Before observing any data, a Bayesian model makes probabilistic predictions. If we sample parameters from the prior and then sample data from the likelihood, we get the prior predictive distribution:
$$p(\mathcal{D} | \mathcal{M}) = \int p(\mathcal{D} | \boldsymbol{\theta}, \mathcal{M}) \cdot p(\boldsymbol{\theta} | \mathcal{M}) , d\boldsymbol{\theta}$$
This is precisely the marginal likelihood! The model evidence is the probability that the model assigns to the observed data before looking at the data to learn parameters.
Interpretation: Model evidence asks: 'If I hadn't seen the data yet and sampled parameters randomly from my prior, how likely would I be to generate exactly the data I observed?'
A model that assigns high probability to the observed data before learning is a model that 'predicted' the data well. A model that assigns low probability made poor predictions—even if it can fit the data well after parameter tuning.
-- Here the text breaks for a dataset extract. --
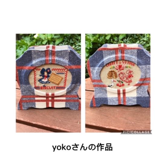 アルザスのクロスステッチとチェック柄の壁紙の組み合わせ♪
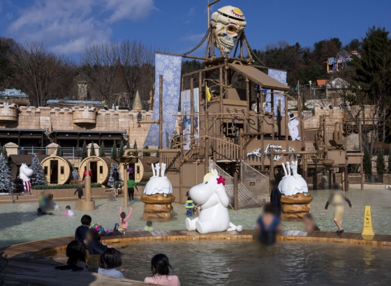 핀란드 인기 캐릭터인 무민 가족이 겨울 여행을 왔다는 스토리로 꾸며진 올 겨울 캐리비안 베이의 메인 스팟은 몸은 따뜻하고 머리는 시원하게 노천욕을 즐길 수 있는 야외 어드벤처 스파 지역이다.

Think of model evidence as grading each model on its predictions made before seeing the exam answers. A flexible model that could 'predict' anything (uniform predictions) scores poorly because it didn't commit. A model that correctly anticipated the actual data scores highly. This is why evidence penalizes unnecessary flexibility.
Model evidence has another interpretation via sequential prediction. Consider observing data points $\mathcal{D} = {y_1, y_2, \ldots, y_n}$ one at a time. By the chain rule:
$$p(\mathcal{D} | \mathcal{M}) = p(y_1 | \mathcal{M}) \cdot p(y_2 | y_1, \mathcal{M}) \cdot p(y_3 | y_1, y_2, \mathcal{M}) \cdots p(y_n | y_1, \ldots, y_{n-1}, \mathcal{M})$$
Each term is a one-step-ahead predictive probability:
$$p(y_t | y_1, \ldots, y_{t-1}, \mathcal{M}) = \int p(y_t | \boldsymbol{\theta}) \cdot p(\boldsymbol{\theta} | y_1, \ldots, y_{t-1}, \mathcal{M}) , d\boldsymbol{\theta}$$
This is the posterior predictive given all previous data.
Interpretation: Model evidence is the product of sequential predictions, where each prediction is made using only the data seen so far. A model with high evidence consistently made accurate predictions throughout the data stream.
The prequential (predictive-sequential) view: This shows that model evidence is essentially a measure of out-of-sample prediction, but evaluated on the actual sample using the Bayesian updating mechanism. It's like leave-one-out cross-validation, but with a specific update scheme.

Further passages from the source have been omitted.